Port 8000 — Medical LightRAG Pipeline

The LightRAG wrapper exposes a five-step clinical assessment pipeline for infant diagnosis:

/initial-symptoms   — Step 1: critical/emergency condition screening
/red-flag-response  — Step 2: common non-emergency condition identification
/differentiate      — Step 3: top-2 probable conditions with rationale
/in-depth-questions — Step 4: follow-up questions for top conditions
/final-diagnosis    — Step 5: final diagnosis and recommendation

The schema accepts infant_age_months and day_of_illness as required fields alongside symptom arrays. The knowledge base contains medical conditions: intracranial tumors, infectious diseases (diphtheria, encephalitis, rubella, tuberculosis), congenital malformations (Down syndrome, DiGeorge, dextrocardia), pediatric hematologic conditions, neurological disorders, and respiratory conditions.
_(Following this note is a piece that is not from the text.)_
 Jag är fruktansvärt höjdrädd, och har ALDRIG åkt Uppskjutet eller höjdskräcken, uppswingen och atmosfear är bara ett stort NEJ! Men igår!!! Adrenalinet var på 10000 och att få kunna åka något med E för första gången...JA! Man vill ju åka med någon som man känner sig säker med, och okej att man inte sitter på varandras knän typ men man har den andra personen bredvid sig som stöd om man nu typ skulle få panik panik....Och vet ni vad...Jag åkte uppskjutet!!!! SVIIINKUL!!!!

Unauth LLM query execution confirmed. The /query POST returned a full LLM response to a test query with medical KB context, disclosing the breadth of the indexed corpus.
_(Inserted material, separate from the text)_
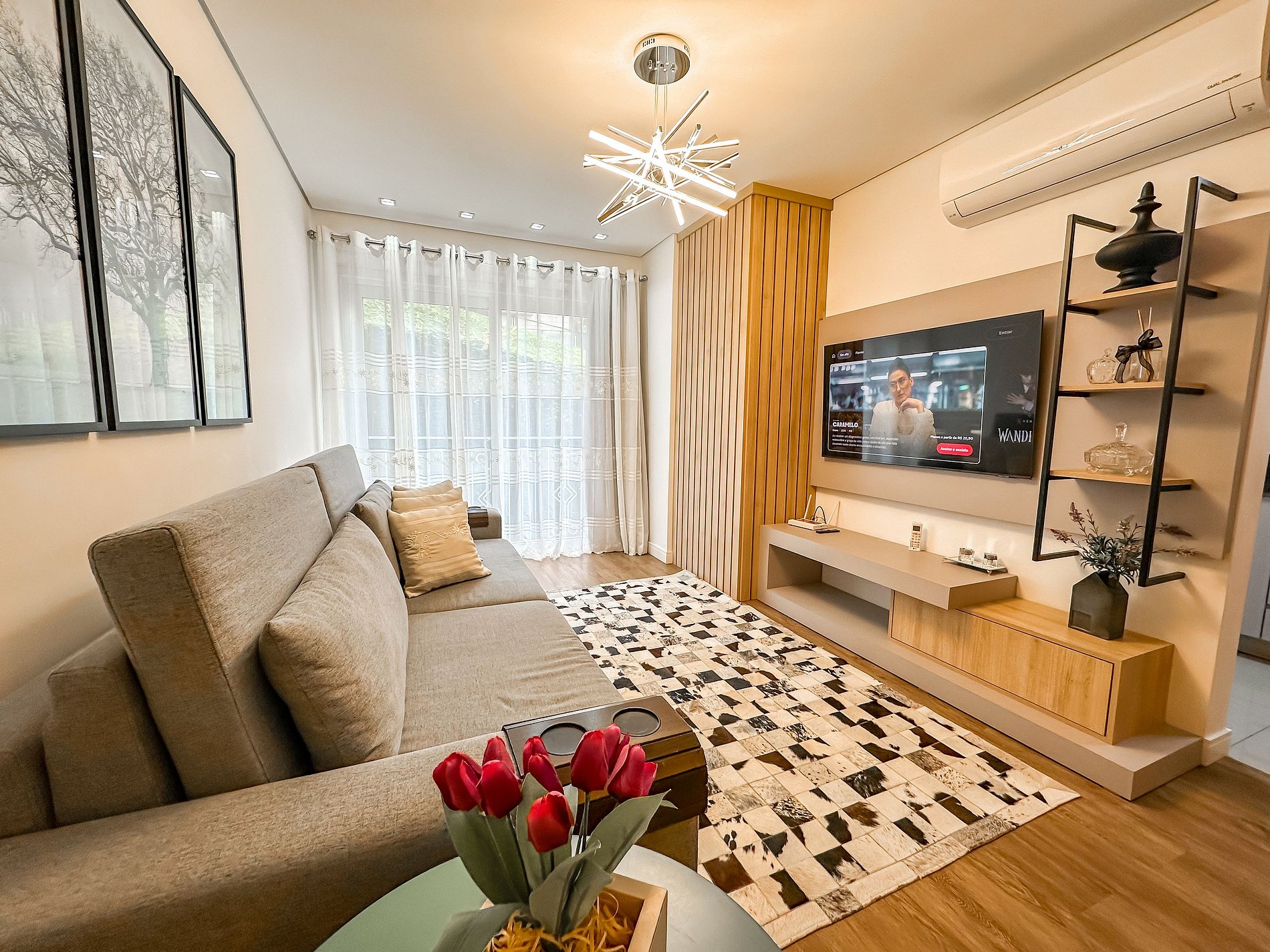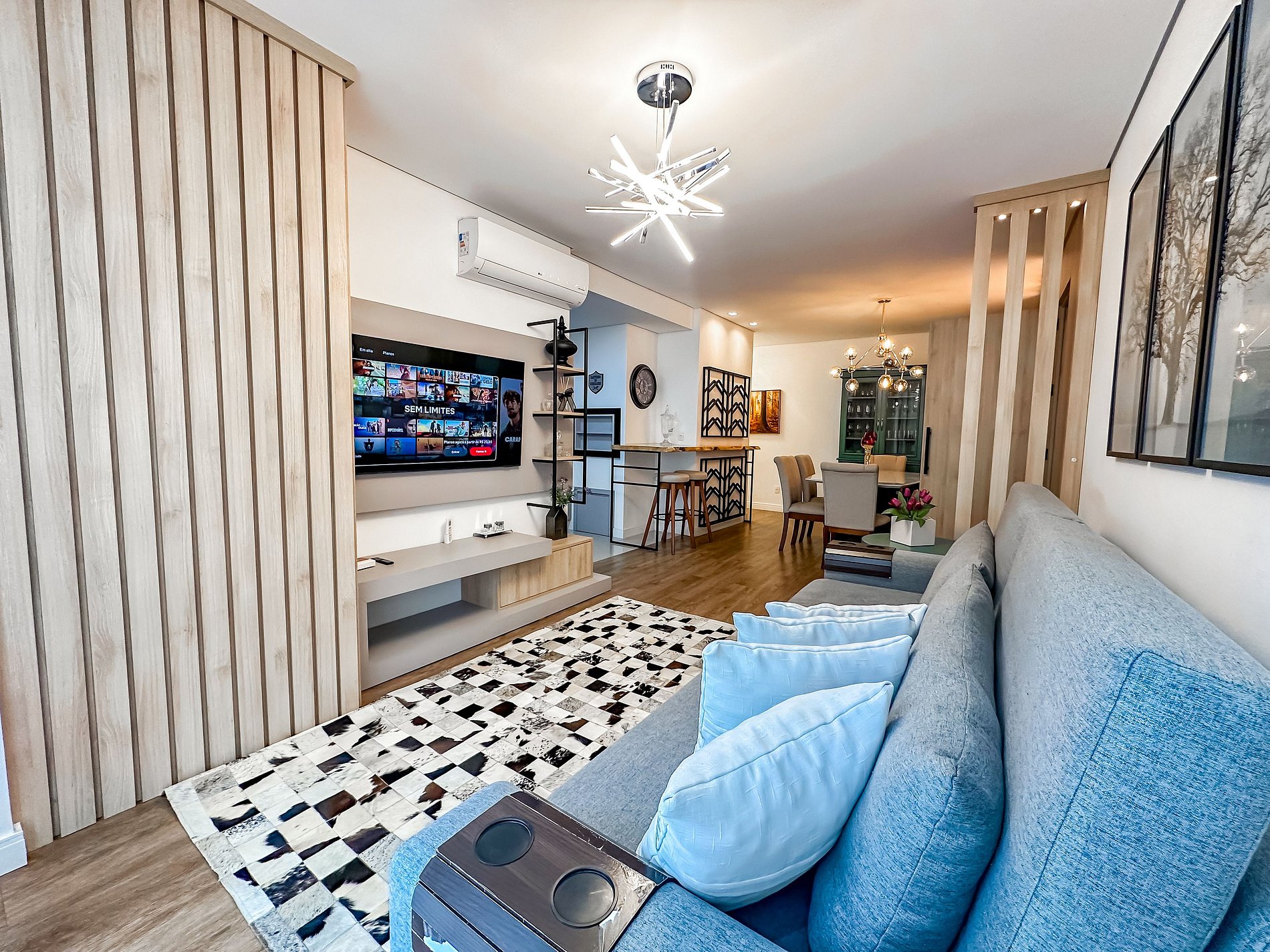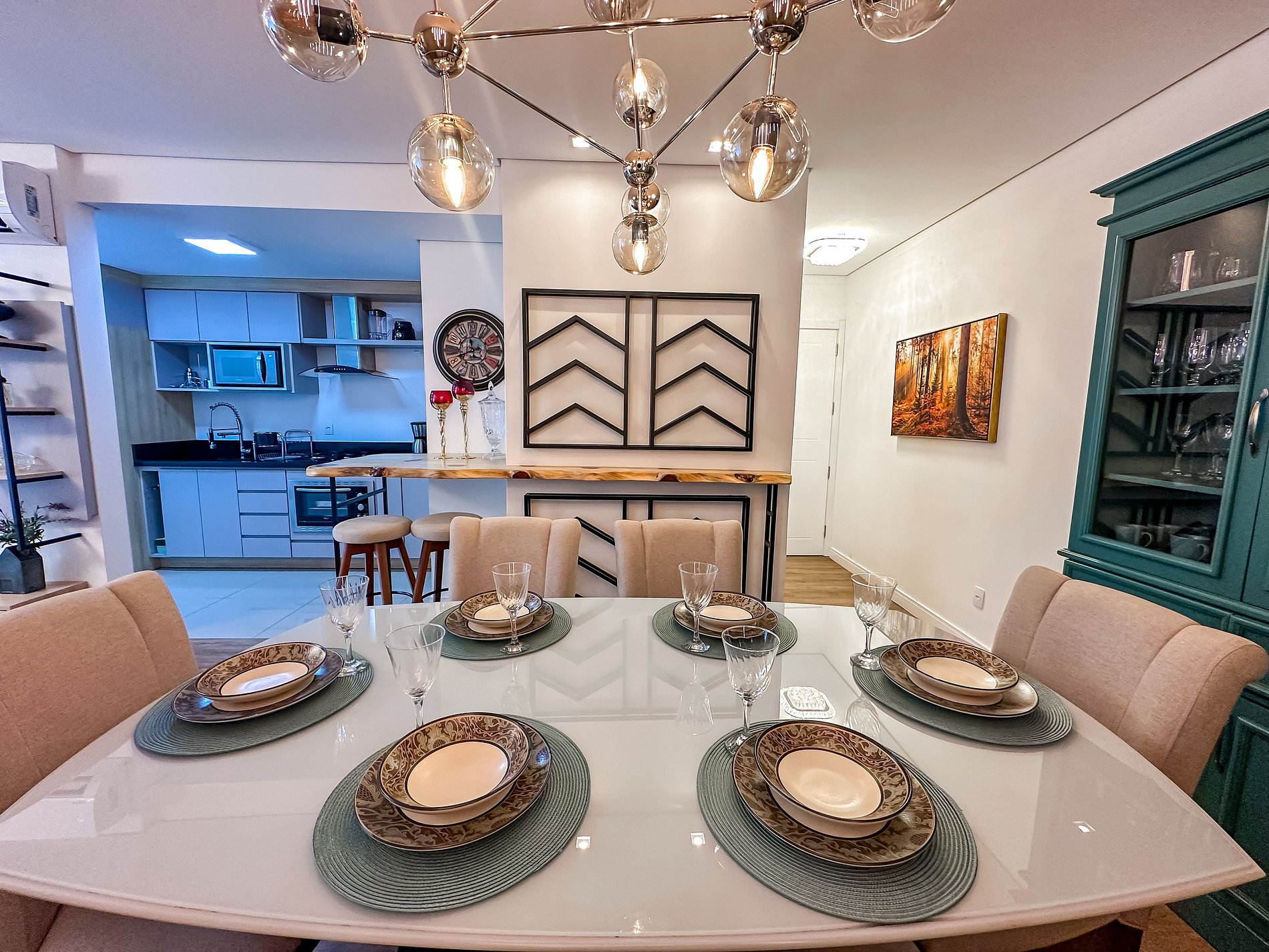 Moderno, em prédio novo, com 2 suítes, Wi-Fi, Smart TV, cozinha completa e 2 vagas de garagem.

Port 9000 — Video RAG Search API

A separate FastAPI service returns video content metadata from the Pukaar Cry library. Unauth /search POST returns:

chunk_text: content descriptions for infant health education videos
video_url: direct S3 URLs (pukaarcry.s3.ap-south-1.amazonaws.com)
thumbnail_url: direct S3 thumbnail URLs

Sample query "infant symptoms fever" returned a video titled “Baby Fever: When to Visit the Doctor vs. When to Wait” with direct media URLs for infants aged 1-3 months.

What this chain means

An anonymous caller can:

Submit infant symptoms to /initial-symptoms and walk the full 5-step diagnosis pipeline
Search the infant health video library via /search without credentials
Retrieve S3 media URLs for any content in the video corpus

The S3 URLs are direct — no signed URL expiry was observed in the returned payload format. Bucket policy is not confirmed open, but the API is serving URLs without any access gate.
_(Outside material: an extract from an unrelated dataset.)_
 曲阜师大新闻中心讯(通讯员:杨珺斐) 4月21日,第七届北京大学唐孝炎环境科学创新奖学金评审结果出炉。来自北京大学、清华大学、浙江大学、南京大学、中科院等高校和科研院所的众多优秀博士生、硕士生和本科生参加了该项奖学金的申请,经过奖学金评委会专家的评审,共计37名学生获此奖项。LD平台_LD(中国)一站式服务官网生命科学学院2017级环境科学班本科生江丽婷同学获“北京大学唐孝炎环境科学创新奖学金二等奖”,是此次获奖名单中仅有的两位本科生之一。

menlohunt flagged port 9000 as open (MinIO candidate — it is not MinIO, it is the Video RAG service). No attack chain constructed beyond the direct API access surface.

Severity

HIGH (two unauth RAG APIs; medical context; infant health data; S3 URL exposure confirmed)

Evidence:

Port 8000 /query LLM response: verified
Port 8000 /openapi.json schema: verified (infant_age_months, day_of_illness fields documented)
Port 9000 /search response: verified (video metadata + S3 URLs returned)
Port 9000 /openapi.json: verified

Not labeled CRITICAL: no patient PII confirmed in direct API responses. Medical KB content queried is educational/clinical reference material, not patient records. Severity is HIGH based on verified unauth LLM exec on medical context + S3 URL leak.

Arsenal Coverage

Tool	Host 1 (54.249.87.30)	Host 2 (35.200.236.6)	Notes
JAXEN	x — prior pass	x — prior pass	Shodan harvest complete
aimap	running on 64-IP corpus	running on 64-IP corpus	Background scan; output pending
VisorGraph	No graph nodes returned	No graph nodes returned	No cert pivots found — bare AWS/GCP PTR only
aimap-profile	AWS ap-northeast-1, commercial	GCP asia-northeast1, healthcare	Shodan API key expired — fast mode only
VisorLog	added #150 HIGH	added #151 HIGH + #152 HIGH	Three findings logged
VisorScuba	AI.C1 violation	AI.C1 + AI.H4 violations	Healthcare sector fires AI.H4
BARE	No MSF module coverage (top score 0.416)	No MSF module coverage (top score 0.376)	Novel attack class — no existing msf module
menlohunt	N/A (AWS host)	5 findings — port 9000 HIGH + SSH LOW	Port 9000 Video RAG discovered via menlohunt
recongraph	0 nodes, 0 edges	0 nodes, 0 edges	No pivot surface via passive graph
nu-recon	uvicorn service, public_intended	Port 8000 not reachable on scan port	nu-recon confirms port 80 exposure
visorplus assess	passive DNS: 1 hostname	passive DNS: 1 hostname	PTR records only
VisorHollow	SKIP — binary-can’t-execute	SKIP
VisorAgent	ETHICAL STOP	ETHICAL STOP	Survey set — never run
VisorCorpus	N/A	N/A	Not LLM-target-facing
VisorBishop	Not installed	Not installed
VisorRAG	ETHICAL STOP	ETHICAL STOP

Population Summary

Platform	Shodan Population	Sampled	Auth Status	Finding
RAGFlow	1,902	50	Auth-enforced	7 confirmed; CVE-2024-12433 not testable at port 80
LightRAG	6	6	2 unauth / 3 offline / 1 FP	2 HIGH findings
DocsGPT	8	8	0 confirmed	1 probable Celery backend (goat.network); unconfirmed
Ragapp	0	0	Not indexed	Shodan-dark

Dork Intelligence

LightRAG discovery path: Default port 9621 is invisible to Shodan. The Swagger UI (http.html:"LightRAG" http.html:"swagger") is the only working surface. At 5 hits, this is near-complete population coverage. The actual deployment count is larger — any LightRAG instance not running on a Shodan-crawled port is invisible.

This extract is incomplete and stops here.